Именное другое и занимало Лисунова прежде всего. Перед отъездом сюда из своего Путивля (того самого, где и по сей день Ярославна на забрале плачет зегзицей), Лисунов некоторое время терзался – оставлять или не оставлять в докладе цитату из петербуржца Фёдора Достоевского: «Последнее слово скажут они же вот эти самые разные власы, кающиеся и некающиеся, они скажут и укажут нам новую дорогу из всех, казалось бы, безысходных затруднений наших. Но Петербург не разрешит окончательно судьбу русскую». Лисунов опасался безтактности такой открытой цитаты, которой предполагалось изойти из уст приезжего. Поколебавшись, оставил, признав её более важной, чем сам доклад и самолюбие бродскофилов-питерцев.

Покинув Русский музей, Лисунов присел на лавчонку над уютным канальцем – позади храма Спаса-на-Крови. И хорошо, что плащ, предусмотрительно захваченный с юга на прохладный север, остался невостребованным в гостиничном номере. Пригревавшее солнышко в содействии с водной прохладой вводили тело в лёгкий озноб, отчего сознание погружалось в своеобразный и, похоже, благодатный транс, из которого выбираться не было никакого желания. Проведя в таком состоянии минут сорок, Лисунов обнаружил у своей скамьи двух парней, которые, почувствовав «возвращение в себя» потенциального клиента, тактично и вполне интересно завели беседу о Петербурге, его истории и строениях. Предлагалось за некую плату прокатиться на катерке по водам питерским в сопровождении новоявленных гидов. Это было бы радикальным шагом, к которому Лисунов не был готов ни морально, ни финансово.

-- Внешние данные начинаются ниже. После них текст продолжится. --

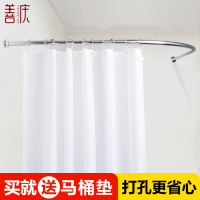 卫生间浴帘杆免打孔伸缩杆弧形浴帘套装厕所浴室不锈钢L形U型浴杆
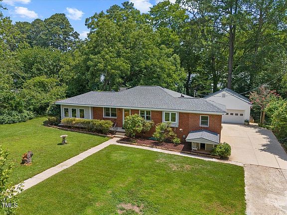 This stunning, one of a kind Raleigh ranch is ready for its next chapter! This home features 3 bedrooms, 2 full bathrooms, new roof (2023), hardwood floors, custom granite countertops throughout, arched doorways, and much more. Updated kitchen boasts custom cherry cabinets with a built-in pantry, natural gas range, pot filler, and wonderful natural light. Primary bedroom ensuite features double vanities, two walk-in closets, and granite shower. The sunroom is the perfect place to curl up with a good book with a custom built-in bookcase, gas fireplace, heated floors, and access to a private tile patio. Beautiful and expansive backyard is nicely shaded by mature trees, garden area, playset, chicken coop, and set-up for an invisible dog fence for your four legged friends. Garden shed features a generator outlet for added peace of mind. Detached two car garage and workshop is perfect for any project you can dream up! The garage features commercial grade cabinets, wood burning stove, EV outlet on a separate meter, and additional floored attic storage. This wonderful home is nestled on a half an acre with no HOA. All of this while being less than 10 minutes to downtown Cary, Fenton, and convenient to everything Raleigh and the Triangle has to offer! Sunroom/study and primary bath additions were not permitted (per measurements: unpermitted space total: 375 sqft; permitted space total: 1,133 sqft; Total Living Area of both spaces: 1,508 sqft).

Как и очень многие, столь многие, что никто не смог бы составить им реестр, Лисунов тяготел и к загадке этого города, и к нему самому, стоявшему «на юшке на кровавой» трёх уже столетий русской истории. Город-сфинкс, умонепостижимо терзавший и гармониста Пушкина, и мистика Гоголя, и неевклидовца Достоевского, оставался многополярным, таинственным и века спустя.

Лисунову доводилось бывать здесь прежде. Раза два – лет двадцать тому, в студенческие времена, когда столь в кайф, столь содержательно ходилось на лыжах по Карелии и Архангельщине, с непременным заездом в Питер. Один из тех однодневных наскоков – от поезда до поезда – совпал со 150-летием со дня смерти Пушкина, и в тот день Лисунову привелось «отстоять литургию» в заснеженном дворе дома на Мойке, 12, услышать хороших поэтов, на морозце читавших стихи, невзирая на снежок, падавший на их непокрытые головы. Последний заезд, а точнее, залёт Лисунова в Петербург случился по дороге с Соловков, тоже в феврале, десятилетие назад. Тогда Лисунов провёл в городе полдня, из которых запомнилась слякоть («грохочущая» ли? скорее всего, – да, если вспоминалась долгая дождливо-серое шоссе из аэропорта), непременный, но всегда разно-новый Рембрандт, да выставка псковской иконы, о которой Лисунову загодя рассказал реставратор Соловецкого музея-заповедника.

Нынешний приезд впервые оказывался бело-ночным, майским, пришедшимся на празднование Дня города и растянутым на несколько суток благодаря щедрости устроителей конференции.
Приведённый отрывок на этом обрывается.